Activity: Return only the number of lines in the material below holding the string "view".
--- START ---
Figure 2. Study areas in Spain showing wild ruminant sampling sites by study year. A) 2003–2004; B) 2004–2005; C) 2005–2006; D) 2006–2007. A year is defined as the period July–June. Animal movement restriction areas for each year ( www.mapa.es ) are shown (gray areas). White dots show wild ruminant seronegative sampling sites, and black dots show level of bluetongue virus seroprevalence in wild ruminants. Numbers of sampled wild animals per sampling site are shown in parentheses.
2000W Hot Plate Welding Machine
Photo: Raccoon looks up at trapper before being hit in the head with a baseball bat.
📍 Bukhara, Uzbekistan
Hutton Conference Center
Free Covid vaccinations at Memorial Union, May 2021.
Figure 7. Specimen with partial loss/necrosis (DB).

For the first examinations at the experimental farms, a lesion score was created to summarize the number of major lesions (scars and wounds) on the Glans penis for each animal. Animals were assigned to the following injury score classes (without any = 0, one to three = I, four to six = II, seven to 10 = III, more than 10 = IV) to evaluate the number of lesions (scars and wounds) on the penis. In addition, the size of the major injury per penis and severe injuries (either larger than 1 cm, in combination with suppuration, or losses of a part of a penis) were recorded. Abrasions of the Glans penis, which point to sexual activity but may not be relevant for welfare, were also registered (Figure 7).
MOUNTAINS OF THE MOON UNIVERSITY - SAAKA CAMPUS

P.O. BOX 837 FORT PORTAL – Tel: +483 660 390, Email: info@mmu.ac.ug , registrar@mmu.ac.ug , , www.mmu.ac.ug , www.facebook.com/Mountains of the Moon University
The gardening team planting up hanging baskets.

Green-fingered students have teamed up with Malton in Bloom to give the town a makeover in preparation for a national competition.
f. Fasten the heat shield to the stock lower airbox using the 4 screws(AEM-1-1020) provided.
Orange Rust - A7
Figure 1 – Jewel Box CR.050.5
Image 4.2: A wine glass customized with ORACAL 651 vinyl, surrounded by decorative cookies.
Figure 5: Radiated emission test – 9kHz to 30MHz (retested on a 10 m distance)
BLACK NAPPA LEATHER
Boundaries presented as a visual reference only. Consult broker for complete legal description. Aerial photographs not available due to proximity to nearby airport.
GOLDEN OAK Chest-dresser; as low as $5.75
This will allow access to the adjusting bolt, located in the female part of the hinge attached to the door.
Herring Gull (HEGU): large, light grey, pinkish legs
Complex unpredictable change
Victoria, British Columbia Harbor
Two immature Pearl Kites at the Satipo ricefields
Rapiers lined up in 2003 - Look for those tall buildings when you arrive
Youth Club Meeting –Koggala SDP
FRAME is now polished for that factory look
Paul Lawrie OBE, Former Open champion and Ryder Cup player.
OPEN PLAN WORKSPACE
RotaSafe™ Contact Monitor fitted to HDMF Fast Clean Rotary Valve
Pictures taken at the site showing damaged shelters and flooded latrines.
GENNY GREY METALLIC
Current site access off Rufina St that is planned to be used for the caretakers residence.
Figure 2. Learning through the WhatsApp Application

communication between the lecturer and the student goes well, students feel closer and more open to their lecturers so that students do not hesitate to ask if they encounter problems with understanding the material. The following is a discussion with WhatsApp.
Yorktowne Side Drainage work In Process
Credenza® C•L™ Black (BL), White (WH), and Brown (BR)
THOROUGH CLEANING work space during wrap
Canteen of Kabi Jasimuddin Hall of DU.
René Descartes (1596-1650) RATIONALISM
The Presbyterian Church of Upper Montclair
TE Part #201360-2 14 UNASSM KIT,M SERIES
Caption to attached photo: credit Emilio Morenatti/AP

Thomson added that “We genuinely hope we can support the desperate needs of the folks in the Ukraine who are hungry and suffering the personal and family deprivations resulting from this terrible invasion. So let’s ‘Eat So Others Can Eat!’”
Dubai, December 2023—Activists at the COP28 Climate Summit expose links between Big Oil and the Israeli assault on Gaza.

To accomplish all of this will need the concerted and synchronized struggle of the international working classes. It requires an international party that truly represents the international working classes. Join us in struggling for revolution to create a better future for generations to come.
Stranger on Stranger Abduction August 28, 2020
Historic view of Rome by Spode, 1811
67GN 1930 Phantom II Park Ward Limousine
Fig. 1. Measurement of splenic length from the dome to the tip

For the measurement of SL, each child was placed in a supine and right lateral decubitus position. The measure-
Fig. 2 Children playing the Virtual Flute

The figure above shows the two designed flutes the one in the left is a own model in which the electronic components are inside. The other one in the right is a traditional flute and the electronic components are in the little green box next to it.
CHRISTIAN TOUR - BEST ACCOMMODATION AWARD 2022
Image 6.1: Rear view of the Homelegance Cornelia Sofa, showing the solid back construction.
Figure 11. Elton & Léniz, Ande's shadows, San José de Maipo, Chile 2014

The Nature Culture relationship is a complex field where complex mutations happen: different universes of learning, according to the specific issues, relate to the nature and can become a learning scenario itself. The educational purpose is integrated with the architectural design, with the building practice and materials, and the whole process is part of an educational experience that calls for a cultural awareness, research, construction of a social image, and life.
--- END ---
Task solution: 2